Microbial screening are laboratory methods for the detection of specific features in microorganisms, for example, bacteria. In summary, we design in silico routines simulating colonies of synthetic bacteria. Based on bacterial colonies, we emulate their homologues in vivo, conducting those experimental laboratory protocols developed to measure microbial fitness in silico. Using such procedures, which are referred to in the laboratory as screening methods, it is possible to obtain an evaluation function and then evaluate the candidate solutions in a genetic algorithm.

2. Materials and Methods

In the present work, we solved two optimization problems with evolutionary algorithms, with the novelty that the evaluation functions were designed by colonies of synthetic bacteria. In order to study their reliability in the evaluation fitness step, the evaluation functions were included in the code of two evolutionary algorithms: a Simple Genetic Algorithm (SGA) [18] and a Simple Microbial-Genetic Algorithm (SMGA). The latter algorithm [19] includes a microbial tournament operator (Figure 1). It is a special type of crossover in which the individuals are selected in pairs, their fitness values are compared and the highest fitness individual passes a copy of a randomly selected segment to the worst evaluated individual. In this paper, we found it of interest to perform experiments with the SMGA algorithm, since recombination is somewhat more similar to the mechanism of bacterial conjugation than single-point recombination of the SGA.

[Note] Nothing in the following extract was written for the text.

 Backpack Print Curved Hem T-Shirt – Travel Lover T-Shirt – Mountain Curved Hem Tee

As mentioned above, the main contribution of this work was that in both evolutionary algorithms (Figure 2), the fitness function was obtained externally by a colony of synthetic bacteria. Bacteria are agents that were programmed in a cellular programming language, in particular, Gro 4.0 [14], incorporating the resulting fitness functions into the code of the evolutionary algorithms.
Using Gro language, we coded the scripts of the in silico microbial screening procedures and the main synthetic bacteria features. The bacterial colony executes a program written in this language parallel to each bacterium, allowing the collective colony behaviors to be explored from individual cell specifications. Specifically, the simulator can model different biological phenomena, such as cell division, chemotaxis and signal diffusion, among other physiological phenomena [14,15]. An extended version of Gro has recently been published allowing the design and recombination of plasmids [16]. Although the former feature is not used in our simulation experiments, we have used this version because the execution of the scripts is slightly faster than the original version of Gro.

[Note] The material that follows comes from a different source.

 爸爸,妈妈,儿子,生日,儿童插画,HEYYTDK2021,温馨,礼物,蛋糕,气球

2.1. Microbial Screening Methods in Silico: Procedures and Implementation

Microbial screening procedures in silico are algorithms simulating biological mechanisms and experimental protocols that are usually applied in the wet lab. In order for a screening routine to be capable of detecting and evaluating the fitness of a given candidate solution, we will need a feature which value increases according to the suitability of the solution. In our case, the size of the colony (i.e., the number of synthetic bacteria), the total expression of a reporter protein, e.g., green fluorescent protein (GFP), etc. In this work, we designed three screening procedures (Figure 3) based on the following bacterial features: (a) bacterial resistance to an antibiotic, (b) processing of lactose (i.e., bacteria use this sugar as an energy source) by Lac operon and (c) chemotaxis, i.e., the ability of bacteria to move to a food source or other attractive substance.

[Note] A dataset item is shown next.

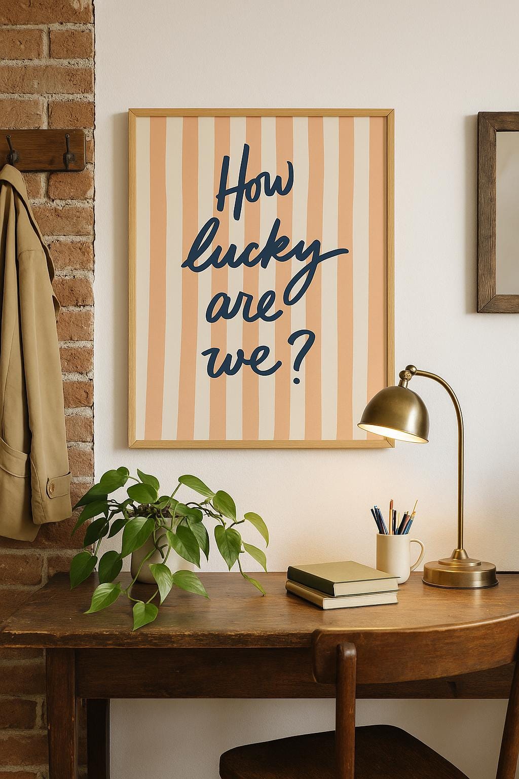 Dopamine Decor Print: Navy Script, Peach Stripes (Digital Download)

In the following, we describe the basis of the three screening routines, whereas the details of the scripts, i.e., their implementation in the Gro language, are described in the Appendix A:
  • Antibiotic resistance: This selection method is the usual one in a laboratory of microbiology, synthetic biology, etc., since it is easy to apply and resistance is known for a multitude of antibiotics [20]. The implementation in Gro (Appendix A, Figure A1) of this screening procedure simulates a randomly distributed signal emulating an antibiotic (Figure 4), being received by all synthetic bacteria. Since in Gro there is a command to cause the death of bacterial cells, this command is used to simulate the effect of the antibiotic on those bacteria that do not satisfy a particular logical condition. Thus, all synthetic bacteria with the desired phenotype will be resistant to the signal, while the rest of the bacteria will die.
  • Lac Operon: The genes of bacteria are organized into operons [21]. When nutrient levels in the environment change, the genes of the bacteria vary in their expression in response to those changes. For example, the operon lactose (Lac) changes its state depending on the levels of lactose sugar in the environment. In the experimental realm, the Lac operon is one of the most commonly used in synthetic biology experiments, contributing to the controlled and effective implementation of diverse biotechnological processes. At the cellular level, the Lac operon is in charge of regulating the synthesis of the molecular machinery necessary for lactose degradation. Therefore, its presence in the bacteria is an advantage that can be used in a selection procedure. The Lac operon implementation in Gro (Appendix A, Figure A2) is inspired by the logic that regulates the operon (Figure 5), not including the regulating elements of the operon. In this work, we have only simulated the conditions under lacZ effector acts on the operon: in the absence or low levels of glucose and presence of lactose. In the Gro routine, such conditions will be subrogated to the logical condition of the optimization problem to be solved. Therefore, if the synthetic bacterium does not meet the logical condition of the problem, the bacterium will not hold the operon, and therefore will not be able to degrade the lactose. In addition, as the bacterial growth rate is related to the amount of available nutrients, bacterial colonies unable to degrade lactose will have a lower fitness value. In this screening procedure, besides the logic described above, the different metabolic reactions that occur during the degradation of the main carbon source were also taken into account. For this reason, three reactions have been defined that will regulate the system: (a) obtaining glucose from biomass by the catalytic action of an enzyme, (b) lactose degradation by lacZ obtaining glucose and galactose and (c) degradation of galactose by an enzyme.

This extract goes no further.